CPP has worked well, most people who are supposed to get CPP benefits get them,  while income exceeds outgo.  To double the benefits payable and expand coverage would need a substantial increase in premium .and a phased in approach.  First raise the premiums and then, when the cash is there and you know it is doable, raise the benefits. I think this is doable and should be done.  Jack, Wayne and the federal NDP team have done a great job on this issue.

.

George Victor

et tu Peter? 

G. Muffin

Do we need to have CPP at all?  It's a bloated and inefficient bureaucracy.  I had one hell of a time convincing them that I was disabled.

Why not push for more RRSPs instead?  

oldgoat

CCP disability benifits, to which I assume you're referring are an admistrative nightmare trying to co-ordinate benifits with their provencial counterparts which for all their own problems are a lot better.  In Ontario if you qualify for ODSP you're really better off not getting CPP.

 

BTW, Hi! Wink

G. Muffin

oldgoat wrote:

CCP disability benifits, to which I assume you're referring are an admistrative nightmsre trying to co-ordinate benifits with their provencial counterparts which for all their own problems are a lot better.  In Ontario if you qualify for ODSP your really better off not getting CPP.

 

BTW, Hi!
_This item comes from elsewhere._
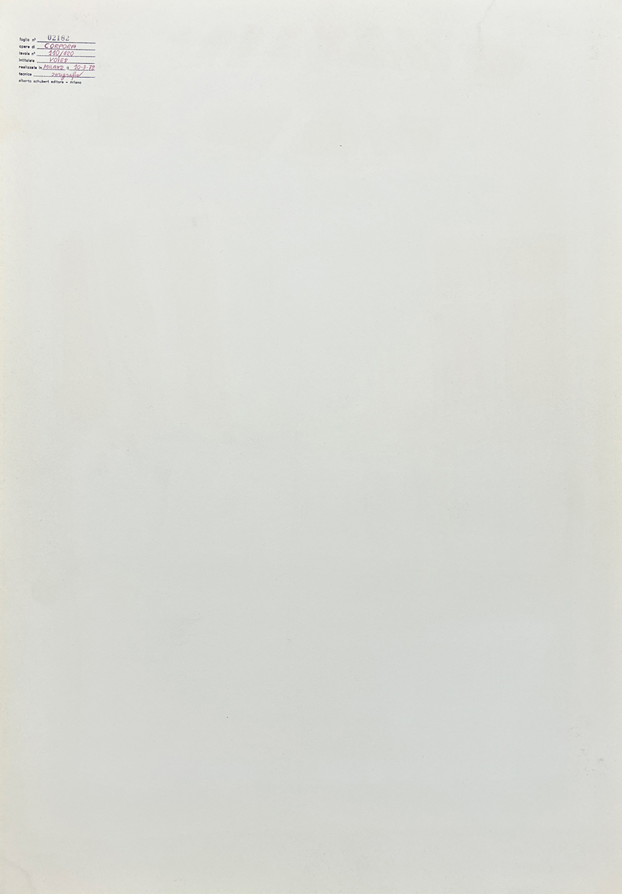 Opera originariamente parte della cartella 'Voies de la couleur - Signes du silence' recante testi introduttivi di Pierre Restany e Franco Russoli e 6 serigrafie di An+G1178tonio Corpora
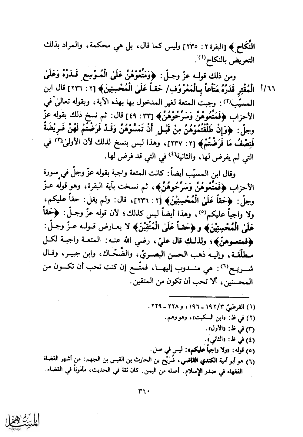قال: ولم يقل: حقاً عليكم، ولا واجباً عليكم، وهذا أيضاً ليس كذلك؛ لأن قوله عز وجل: (حَقًّا عَلَى الْمُحْسِنِينَ) و (حَقًّا عَلَى المُتقِينَ) لا يعارض قوله عز وجل: (فَمَتِّعُوهُنَّ) ؟ ولذلك قال عليٌّ، رضي الله عنه: المتعة واجبة لكل مطلقة، وإليه ذهب الحسن البصري، والضخاك، وابن جبير، وقال

Wink

All I know is that CPP gives me $805.  I am entitled to provincial benefits up to an amount ($95) which brings the total to $900. Everybody is entitled to $900.  The feds don't claw back until I earn $4,600 in a year (not going to make it this year!).  The province (BC) allows me to earn up to $500 per month without clawing back.  I only received 2 or 3 months worth of BC money before my work disqualified me.  The advantage to the provincial plan is that you get free basic dental care, free psychiatric medication, a gimp bus pass for $45 annually, so I'm still registered with them even though I don't get any money.  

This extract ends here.